Segmentations and radiomic features were separately assessed for interobserver agreement. For segmentation, the Dice similarity coefficient was used to measure interobserver reliability, while intraclass correlation coefficient (ICC - 3,k), two-way random effects model, and absolute agreement were used for radiomics features[22]. Features with an ICC>0.75 were included in the coefficient of variation (CoV) analysis, with those presenting >15% variances being eliminated[16]. The predictor features that passed the CoV analysis were subjected to Spearman’s correlation (SC) analysis, and correlation matrixes were performed for variance inflation factor (VIF) analysis.
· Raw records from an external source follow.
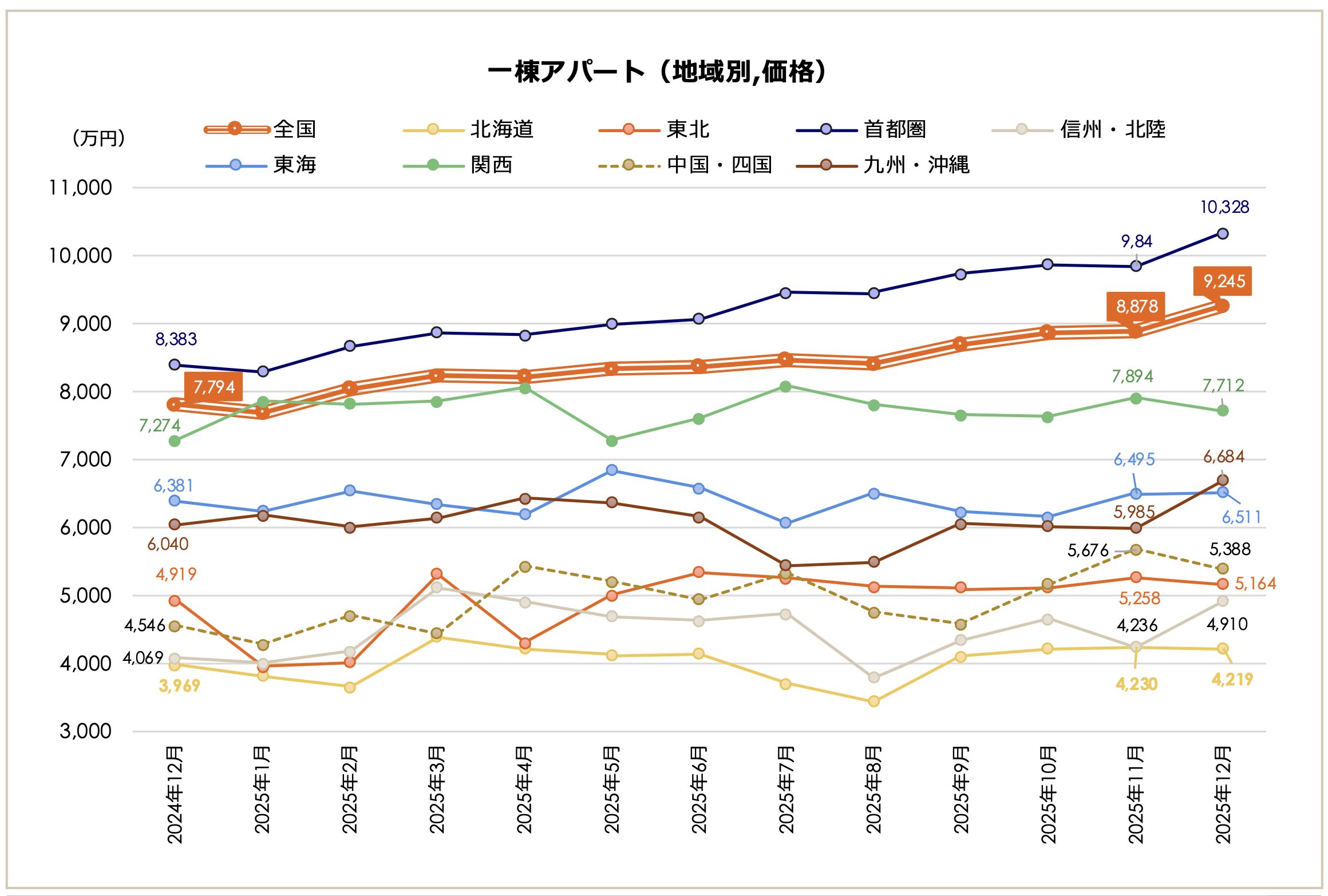 2025年12月期の一棟アパート市場(全国平均)は、価格が9,245万円となり、2005年1月以降、初めて9,000万円を突破しました。前月比+4.13%、前年同月比も+18.62%で上昇傾向を見せています。一方、利回りは、前月比-0.08ポイント、前年同月比-0.28ポイントと、ほぼ横ばいとなりました。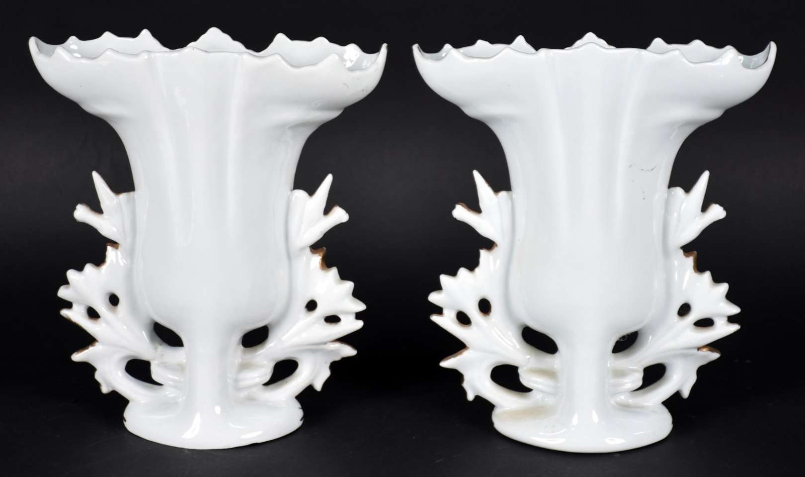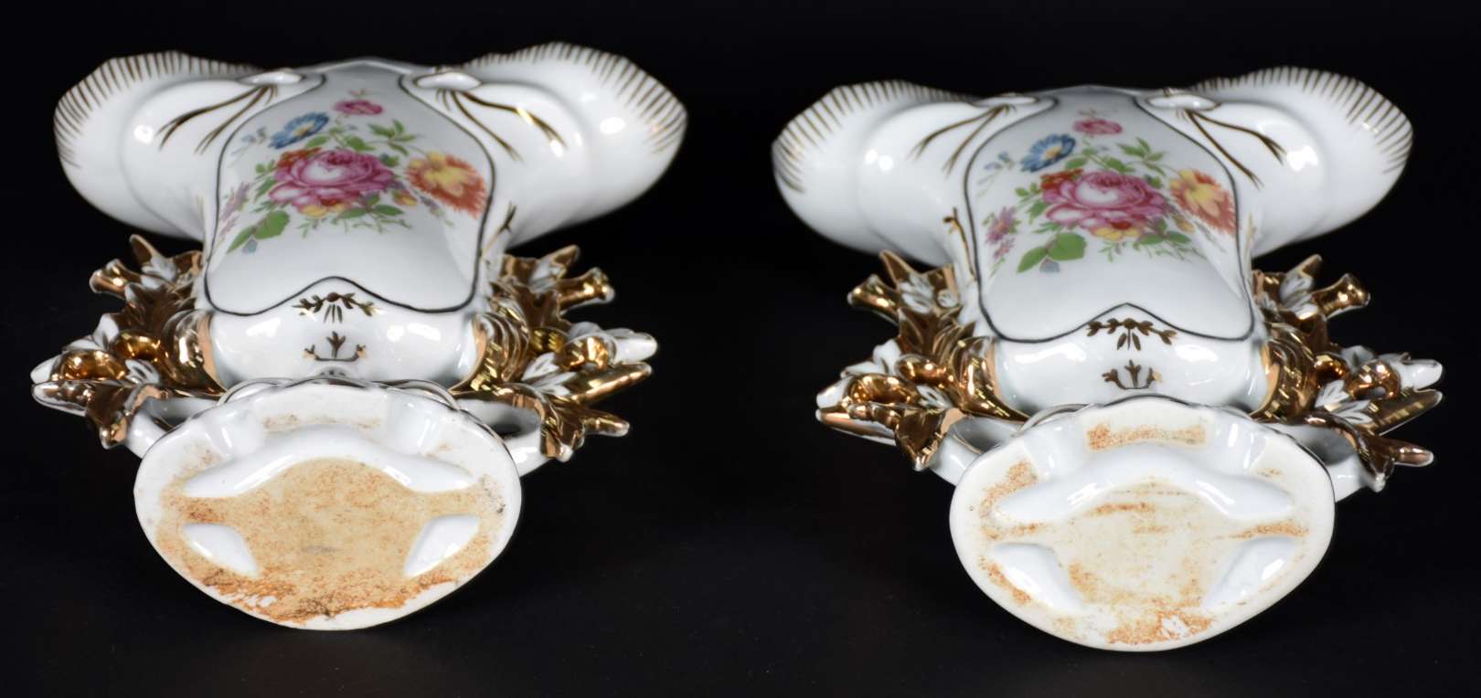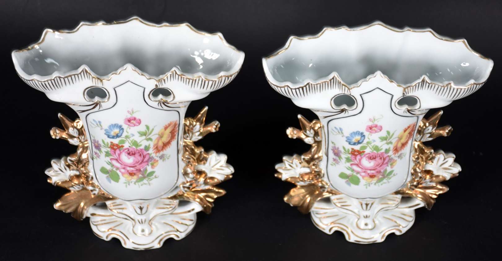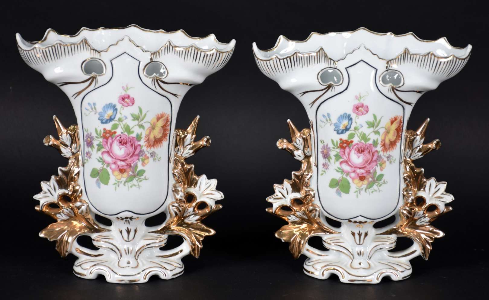 Vaso de porcelana com flores em policromia e borda recortada com realces dourados, marca na base "Teixeira".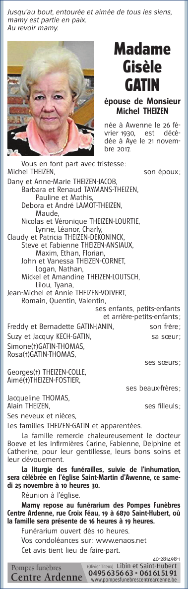 Madame Gisèle GATIN épouse de Monsieur Michel THEIZEN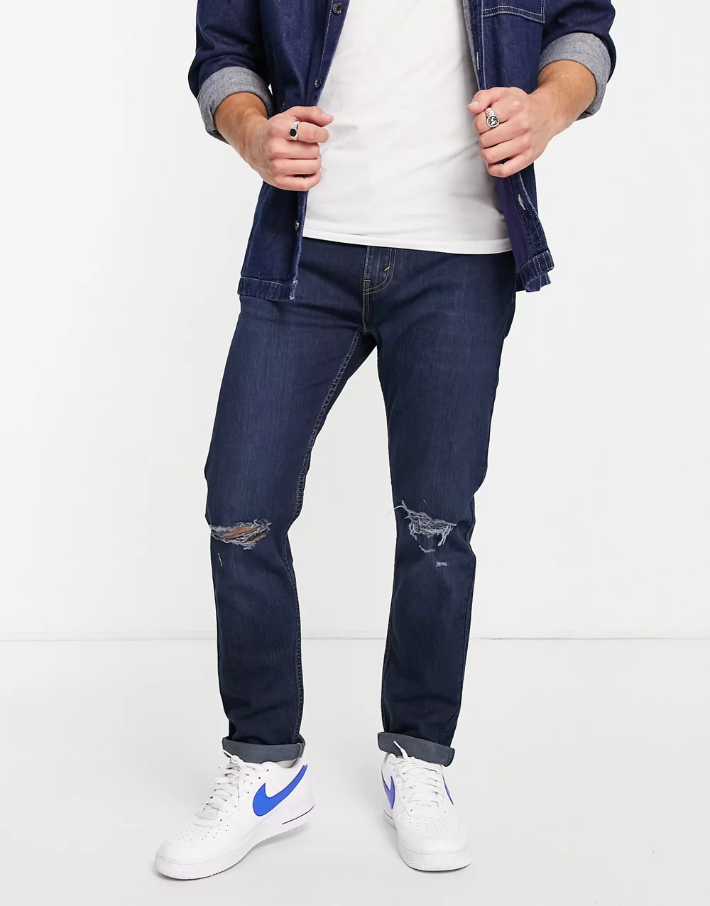 - Levi's 502 tapered fit jeans in dark navy with distressing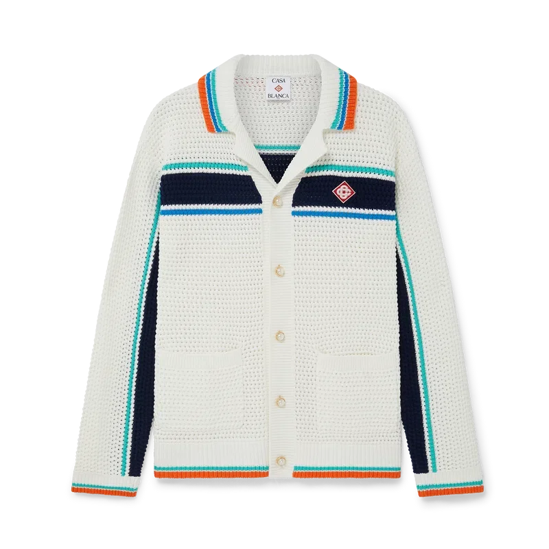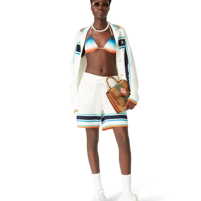 La Tennis Crochet Shacket è un modello a maniche lunghe dalla trama particolare, realizzato in tessuto di cotone biologico lavorato all’uncinetto e caratterizzato dal logo a rombi iconico della Maison, che richiama il tema del viaggio e delle vacanze della capsule collection. Completata da collo, polsini, orlo e abbottonatura a costine, tasche applicate sul davanti, bottoni in madreperla con bordo dorato, chiusura frontale con bottoni e dettagli a righe acquamarina, blu e bianche sul petto, sul retro e lungo le maniche, con bordi a contrasto su polsini, orlo e collo.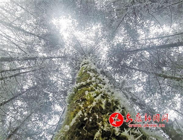 樹梢掛滿晶瑩的雪,仿佛盛開的銀花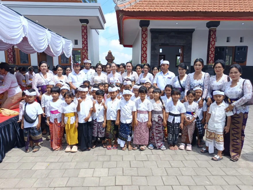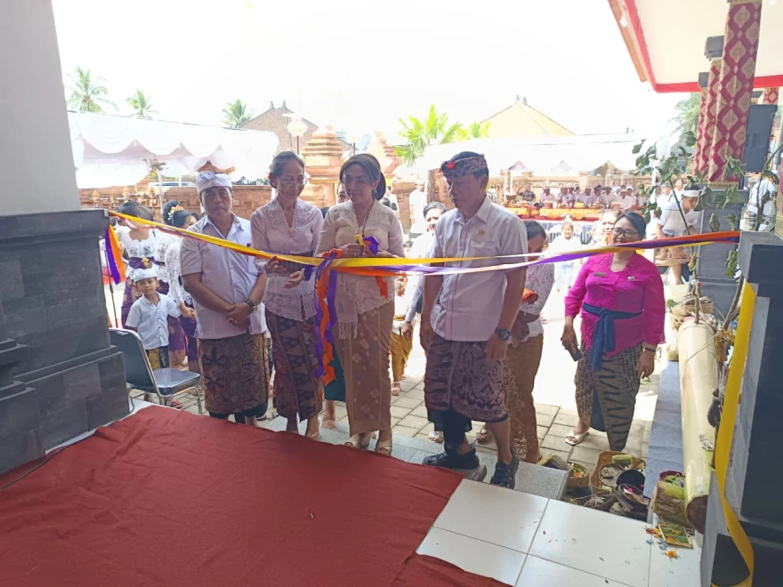 Bunda PAUD Kabupaten Badung, Nyonya Rasniathi Adi Arnawa, menghadiri rangkaian Karya Melaspas dan Ngenteg Linggih sekaligus meresmikan gedung baru TK Kumara Ngurah Rai I, Desa Carangsari, Kecamatan Petang, Kamis (16/4). Peresmian ditandai dengan prosesi pemotongan pita sebagai simbol dimulainya pemanfaatan gedung baru tersebut.

Features Selection Analyses: Collinearity-multicollinearity Evaluation and Least Absolute Shrinkage and Selection Operator Regression

VIF analyses were performed to reduce the collinearity-multicollinearity using the formula 1/1-R2. If the VIF was above 10, the feature was eliminated[23]. The features with smaller CoV were preserved in this elimination process. Further, validated imaging biomarkers were evaluated using SC analysis between features and outcomes (p<0.01). Features were selected with the least absolute shrinkage and selection operator (LASSO) with L1 normalization. Random sampling and 5-fold cross-validation were used for seeding LASSO.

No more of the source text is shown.